Алекс не впервые излагал всё это. По своём возвращении из Москвы он пару лет много пил и оплакивал страну, которая когда-то звалась Россией. Батурлин догадывался, что под глубоким разочарованием шурина в исторической родине скрывалось что-то очень личное — недаром же тот особенно сокрушался о погубленной русской женщине — и критически относился к шокирующим заявлениям Алекса. Да только и без того хватало данных, позволяющих вывести неутешительное заключение, что с русским человеком за железным занавесом произошла глубинная и, возможно, необратимая трансформация. Жить с этим знанием было тяжело, и Батурлин, вопреки мнениям специально изучающих современный русский вопрос людей, очень старался вооружиться на этот счёт сдержанным оптимизмом.
Владимир Николаевич впервые посетил Советский Союз. Впечатлясь тем, что Алекс после возвращения из Москвы едва не превратился в алкоголика, старый граф сдерживал порывы сына навестить утраченную родину.
— Батурлины слишком многое вкладывают в понятие «Россия», мой мальчик. Ты можешь пережить там слишком сильное потрясение. Подожди до лучших времён, они настанут, не навек же Господь отвернулся от русских людей.
Прибыв в Москву, Владимир Николаевич оставил в отеле свой багаж и тут же направился на Красную площадь, благо, она была рядом. Вечером он выезжал в Загряжск, у него оставалось всего несколько часов в древней российской столице. Советские власти разрешили Владимиру Николаевичу находиться в Москве лишь в дни прилёта из Франции и обратного отлёта, в посещении других городов кроме Загряжска в тот приезд ему было отказано. Ограничение по времени обернулось неожиданным благом. Батурлин не ожидал, что сделается настолько взволнован, когда перед ним воочию предстанет храм Василия Блаженного, когда он увидит башни Кремля, пусть и с красными звёздами. У него закружилась голова, сердце запрыгало в горле. Не хватало ещё, ровно как кисейной барышне, в обморок упасть, подумал Батурлин, и, на ослабевших вдруг ногах вернулся в отель.
Пообедав в тамошнем ресторане, он устроился в небольшом уютном холле выкурить сигару. Вскоре к нему присоединился добродушного вида толстяк-австралиец, как выяснилось, часто по делам службы бывающий в Союзе. В холл вошла приятная молодая дама, одетая дорого и строго, не без грациозности уселась в кресло и вынула сигарету.
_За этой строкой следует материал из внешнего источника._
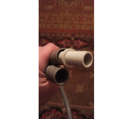 Резиноподобные оконечники очень короткие, а сам шланг имеет меньший чем они диаметр, на стандартный патрубок надеть не удалось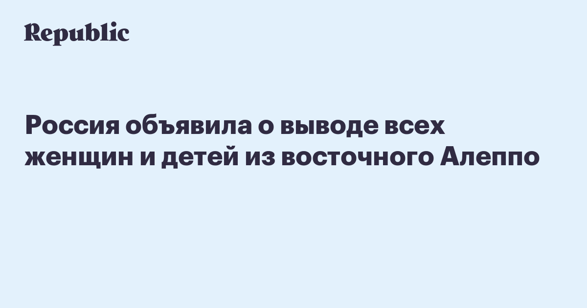Россия объявила о выводе всех женщин и детей из восточного Алеппо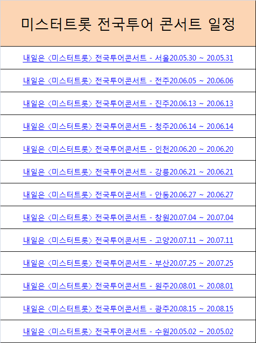 하루빨리 코로나 사태가 종료되어서 기다리던 미스터 트롯 콘서트를 빨리 볼 수 있으면 좋겠네요.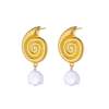Elevate your summer style with these stunning Gold Conch Pearl Starfish Drop Earrings—a perfect blend of seaside charm and modern elegance. Designed for women who love jewelry that feels both expressive and effortless, these earrings feature a beautifully spiral-textured conch design paired with a smooth pearl drop for a touch of ocean-inspired grace. Their warm gold-color plating brings a radiant glow that flatters every skin tone, making them a must-have accessory for vacations, weekend getaways, and everyday wear.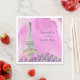 Serviettes en Aquarelle rose pour votre Quinceanera à thème parisien. Cette belle décoration est ornée de l'élégante tour Eiffel décorée avec des accents floraux de fleurs dorées esquissées. La Tour Eiffel se dresse au-dessus d'un emblématique champ de fleurs de la Lavande française contre un arrière - plan d'aquarelle rose. Le modèle est mis en place pour que vous puissiez ajouter le nom de la Quinceanera. Le libellé, dans la typographie de la lavande foncée, se lit "Quinceañera en l'honneur de [nom]". Les serviettes ont un thème coloré de rose lilas mou, or rose et lavande foncée. Consultez notre collection de quinceanera Tour Eiffel pour coordonner les invitations et les fêtes parisiennes.

Батурлин поспешил помочь даме прикурить — глупейший, но устойчивый жест вежливости — она поблагодарила его по-английски и улыбнулась без тени кокетства, открыто и доброжелательно. Батурлин проговорил несколько пустых вежливых слов на французском.
— I do not speak French, — дама немного смутилась. — But I'd like to study it.
Говорила она по-английски не очень уверенно и с незнакомым Батурлину акцентом. «Шведка? Норвежка?», — зачем-то стал угадывать он.
— Это дорогая московская шлюха, мсье, их тут называют центровыми, — неожиданно сказал по-французски толстяк. Заметив недоверие в глазах Батурлина, добавил: — Вас смущает отпечаток интеллекта на её лице? С интеллектом у русских всё в порядке. Это, кажется, единственное, с чем у них всё в порядке. В свободное от основной работы время эта жрица продажной любви вполне может работать над диссертацией по микробиологии.
Он обратился к даме:
— Microbiology? German poetry?
Она перевела растерянный взгляд с человека, задававшего странные вопросы, на его собеседника и беспомощно улыбнулась. Батурлину стало неловко за бесцеремонность австралийца, а тот, как ни в чём ни бывало, продолжал:
— Вообще, здешние девушки неплохи, но имейте в виду, что многие из них работают на советские спецслужбы. Если вас это не останавливает, то... — он внимательно оглядел даму, — двести долларов. — И добавил, обращаясь к даме: Two hundred dollars.
— Three hundred, — В её улыбке не осталось ни растерянности, ни смущения, одна довольная собой победительность. — And five hundred, if you want threesome.
— Я — пас, это не мои игры, — на чистом русском сказал Батурлин.
Дама мгновенно стёрла улыбку, бросила на него полный презрения взгляд, резким движением ломая в пепельнице сигарету, процедила сквозь зубы «russian pig», и с достоинством покинула холл.
— Заметьте, это не мы их называем свиньями, это их самоназвание, — захохотал толстяк, не замечая помрачневшего лица своего визави.
— Я русский, — напомнил Батурлин.
— Вы русский, а они советские, — посерьёзнев, ответил австралиец. — В нашей стране осело немало русских, так называемых эмигрантов первой волны. Это совсем не те люди, которые теперь живут в Союзе. Совсем не те.